Clarity Pharmaceuticals (ASX: CU6), a clinical-stage radiopharmaceutical company focused on developing next-generation products to improve cancer treatment outcomes, has announced the successful completion of patient recruitment for the Co-PSMA Investigator-Initiated Trial (IIT) at St Vincent’s Hospital Sydney. Led by Professor Louise Emmett, the trial has now imaged all participants. The Co-PSMA trial (NCT06907641) is designed to evaluate Clarity’s diagnostic product, Cu-SAR-bisPSMA, against the standard-of-care Ga-PSMA-11 for detecting prostate cancer recurrence in patients with low prostate-specific antigen (PSA) levels who are candidates for curative salvage therapy.
The Phase II trial enrolled 50 patients with biochemical recurrence (BCR) of prostate cancer following radical prostatectomy and no salvage therapy, with PSA levels between 0.2 and 0.75 ng/mL. The primary objective is to compare the detection rate of prostate cancer recurrence sites, measured by the number of lesions per patient, between Cu-SAR-bisPSMA and Ga-PSMA-11 PET/CT scans. Previous trials, PROPELLER and COBRA, have demonstrated the diagnostic capabilities of Cu-SAR-bisPSMA compared to standard diagnostic imaging.
Dr Alan Taylor, Executive Chairperson of Clarity Pharmaceuticals, expressed excitement about the milestone and the development program of Cu-SAR-bisPSMA. He highlighted the high unmet need for more effective diagnostic tools for men with rising PSA after radical prostatectomy. Visualising cancer early is crucial for determining the optimal treatment course and improving patient outcomes. Professor Emmett noted that current PSMA PET products have limitations in sensitivity, particularly in patients with low PSA, and that the Co-PSMA trial aims to address this unmet need.
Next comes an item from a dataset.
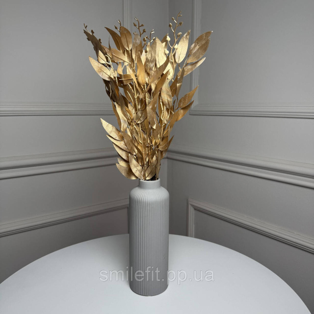 Штучний букет рускусу в золотому кольорі виглядає ефектно і благородно завдяки витягнутому листю з м’яким металевим блиском. Тонка форма гілок та акуратна текстура листя створюють елегантний силует, який добре виглядає як у одиночній вазі, так і у складі декоративних композицій. Золотий відтінок додає декору виразності та візуально підкреслює деталі інтер’єру.

Clarity is also conducting two Phase III registrational trials, CLARIFY and AMPLIFY, in the pre-prostatectomy and BCR settings, respectively. St Vincent’s Hospital Sydney is actively recruiting for the CLARIFY trial and will soon begin recruiting for the AMPLIFY trial, with Professor Emmett as the principal investigator. The company anticipates reporting the results of the Co-PSMA trial in the coming months.